**REQUIRED WORK**: Without the pictures, reproduce the records that follow exactly.

**GIVEN RECORDS**:
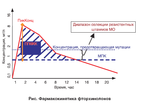 ФХ являются дозозависимыми (концентрационнозависимыми) препаратами. То есть их клиническая эффективность зависит преимущественно не от кратности приема, а от разовой (пиковой) дозы препарата и отношения этой пиковой концентрации (ПикКонц) и площади под фармакокинетической кривой (ППФКК) к минимально подавляющей концентрации (МПК) АБП в отношении конкретного МО. Обычно для достижения клинической эффективности требуется, чтобы отношение ППФКК к МПК превышало 20-40, а для ряда МО – даже 100-200 (грамотрицательные МО). Большое значение имеет и концентрация, подавляющая возможные мутации, которая, вероятно, совпадает с максимальной подавляющей концентрацией. В диапазоне между этой концентрацией и МПК находится диапазон, в котором возможно появление резистентных штаммов МО, а из доступных у нас РФХ по отношению к пневмококку лучших фармакокинетических показателей, предотвращающих селекцию мутантов, достигает моксифлоксацин. Кроме того, недавно установлено, что в предотвращении селекции резистентных МО важную роль играет отношение ПикКонц к МПК, – желателен показатель более 10 (рисунок).
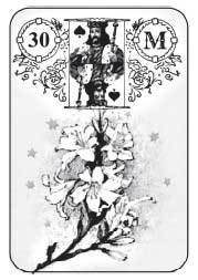 ЛИЛИЯ – образ чистоты и избранности. Лилия была эмблемой французской королевской династии. Часто лилия упоминается в Библии («Подобно лилии среди чертополохов выглядит среди женщин моя возлюбленная»). Счастливая карта, символизирующая высокое положение. Если выпала эта карта, значит, рядом находятся хорошие, достойные люди. Радость общения и гармоничные взаимоотношения. Возле ДЕРЕВА символизирует долгую и счастливую жизнь.
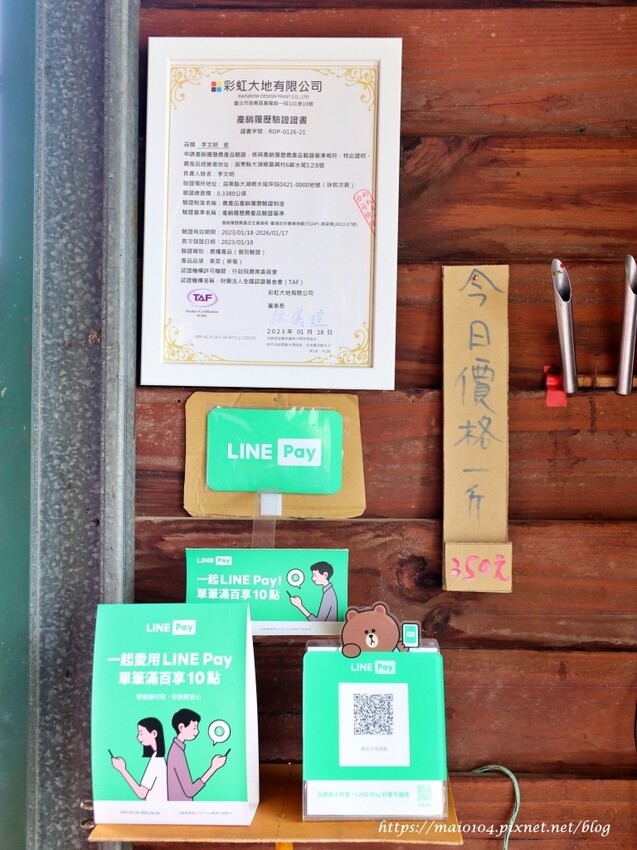 來到舞夜天草莓園,除了現金支付外還可以使用LINE PAY行動支付
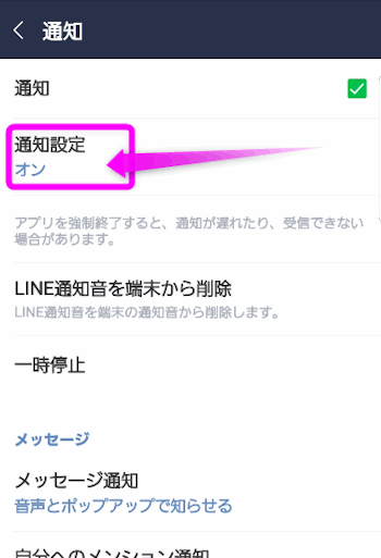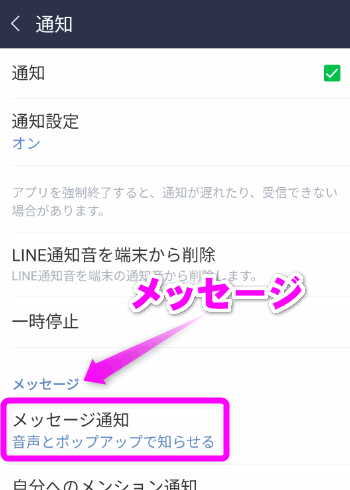 「通知設定」か「メッセージ」にある「メッセージ通知」をタップします。
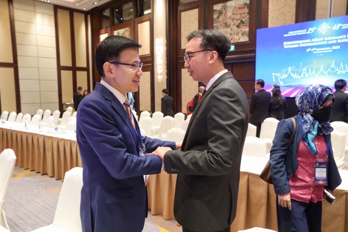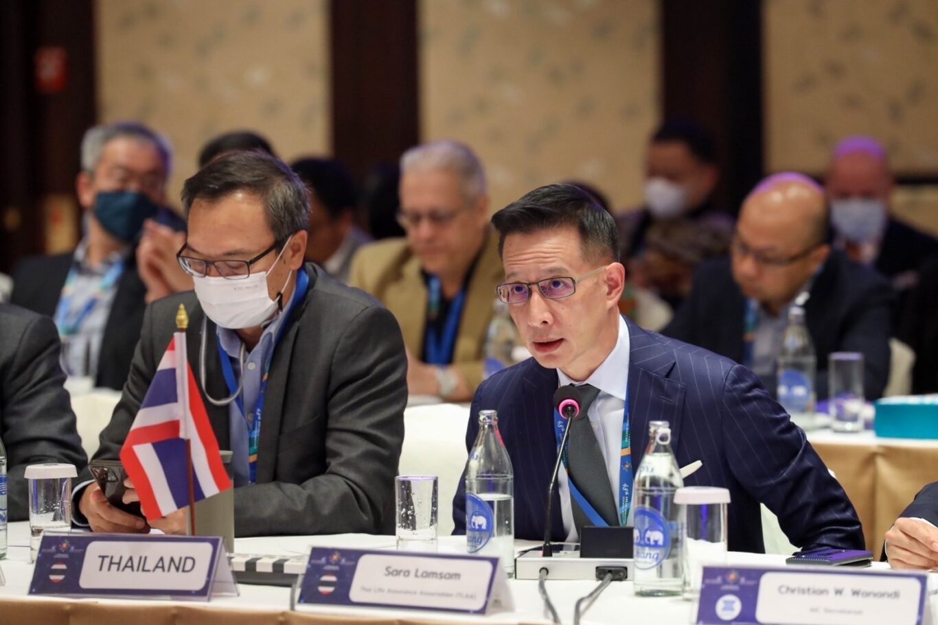 โดยเฉพาะในช่วง 1-2 ปีที่ผ่านมา หลังจากการแพร่ระบาดของโรคโควิด-19 ซึ่งเป็นความเสี่ยงภัยที่อุบัติใหม่ และส่งผลทำให้ระบบประกันภัยมีความโดดเด่นในเรื่องของการรับประกันภัยจากการเจ็บป่วยด้วยโรคโควิด-19 แต่ยังมีข้อจำกัดบางประการที่จะต้องใช้เป็นบทเรียนเพื่อปรับปรุงในการออกแบบผลิตภัณฑ์ใหม่ ๆ ต่อไป ซึ่งตนมองว่าธุรกิจประกันภัยอาเซียนควรหันมาเน้นการออกผลิตภัณฑ์ประกันภัยความยั่งยืนเพื่อรองรับกระแสโลกที่ให้ความสำคัญเศรษฐกิจ ESG เพื่อปรับการบริหารงานขององค์กรให้มีความรับผิดชอบต่อสิ่งแวดล้อม สังคม ธรรมาภิบาล และร่วมกันดูแลภาวะโลกร้อน ด้วยการออกผลิตภัณฑ์ประกันภัยที่มีส่วนดูแลสิ่งแวดล้อม ในส่วนของประเทศไทยได้มีกรมธรรม์ในลักษณะให้ความคุ้มครองทั้งภัยธรรมชาติและประกันภัยพืชผลทางการเกษตร ซี่งประเทศไทยได้ให้ความคุ้มครองภัยแก่เกษตรกรมานานหลายปีแล้ว ในรูปแบบของการประกันภัยข้าวนาปีและข้าวโพดเลี้ยงสัตว์ นอกจากนี้ตนอยากให้เวทีการประชุมในครั้งนี้มีการหารือเกี่ยวกับการประกันสุขภาพเพื่อรองรับสังคมผู้สูงอายุ เพื่อนำไปสู่แนวทางการกำกับดูแลผลิตภัณฑ์ประกันสุขภาพให้มีความรัดกุมและสอดคล้องกับกฎ กติกา ของกลุ่มประเทศอาเซียน เพื่อให้เกิดประโยชน์สูงสุดต่อภาคประกันภัยไทย

**EXERCISE SOLUTION**:
 ФХ являются дозозависимыми (концентрационнозависимыми) препаратами. То есть их клиническая эффективность зависит преимущественно не от кратности приема, а от разовой (пиковой) дозы препарата и отношения этой пиковой концентрации (ПикКонц) и площади под фармакокинетической кривой (ППФКК) к минимально подавляющей концентрации (МПК) АБП в отношении конкретного МО. Обычно для достижения клинической эффективности требуется, чтобы отношение ППФКК к МПК превышало 20-40, а для ряда МО – даже 100-200 (грамотрицательные МО). Большое значение имеет и концентрация, подавляющая возможные мутации, которая, вероятно, совпадает с максимальной подавляющей концентрацией. В диапазоне между этой концентрацией и МПК находится диапазон, в котором возможно появление резистентных штаммов МО, а из доступных у нас РФХ по отношению к пневмококку лучших фармакокинетических показателей, предотвращающих селекцию мутантов, достигает моксифлоксацин. Кроме того, недавно установлено, что в предотвращении селекции резистентных МО важную роль играет отношение ПикКонц к МПК, – желателен показатель более 10 (рисунок).
 ЛИЛИЯ – образ чистоты и избранности. Лилия была эмблемой французской королевской династии. Часто лилия упоминается в Библии («Подобно лилии среди чертополохов выглядит среди женщин моя возлюбленная»). Счастливая карта, символизирующая высокое положение. Если выпала эта карта, значит, рядом находятся хорошие, достойные люди. Радость общения и гармоничные взаимоотношения. Возле ДЕРЕВА символизирует долгую и счастливую жизнь.
 來到舞夜天草莓園,除了現金支付外還可以使用LINE PAY行動支付
 「通知設定」か「メッセージ」にある「メッセージ通知」をタップします。
 โดยเฉพาะในช่วง 1-2 ปีที่ผ่านมา หลังจากการแพร่ระบาดของโรคโควิด-19 ซึ่งเป็นความเสี่ยงภัยที่อุบัติใหม่ และส่งผลทำให้ระบบประกันภัยมีความโดดเด่นในเรื่องของการรับประกันภัยจากการเจ็บป่วยด้วยโรคโควิด-19 แต่ยังมีข้อจำกัดบางประการที่จะต้องใช้เป็นบทเรียนเพื่อปรับปรุงในการออกแบบผลิตภัณฑ์ใหม่ ๆ ต่อไป ซึ่งตนมองว่าธุรกิจประกันภัยอาเซียนควรหันมาเน้นการออกผลิตภัณฑ์ประกันภัยความยั่งยืนเพื่อรองรับกระแสโลกที่ให้ความสำคัญเศรษฐกิจ ESG เพื่อปรับการบริหารงานขององค์กรให้มีความรับผิดชอบต่อสิ่งแวดล้อม สังคม ธรรมาภิบาล และร่วมกันดูแลภาวะโลกร้อน ด้วยการออกผลิตภัณฑ์ประกันภัยที่มีส่วนดูแลสิ่งแวดล้อม ในส่วนของประเทศไทยได้มีกรมธรรม์ในลักษณะให้ความคุ้มครองทั้งภัยธรรมชาติและประกันภัยพืชผลทางการเกษตร ซี่งประเทศไทยได้ให้ความคุ้มครองภัยแก่เกษตรกรมานานหลายปีแล้ว ในรูปแบบของการประกันภัยข้าวนาปีและข้าวโพดเลี้ยงสัตว์ นอกจากนี้ตนอยากให้เวทีการประชุมในครั้งนี้มีการหารือเกี่ยวกับการประกันสุขภาพเพื่อรองรับสังคมผู้สูงอายุ เพื่อนำไปสู่แนวทางการกำกับดูแลผลิตภัณฑ์ประกันสุขภาพให้มีความรัดกุมและสอดคล้องกับกฎ กติกา ของกลุ่มประเทศอาเซียน เพื่อให้เกิดประโยชน์สูงสุดต่อภาคประกันภัยไทย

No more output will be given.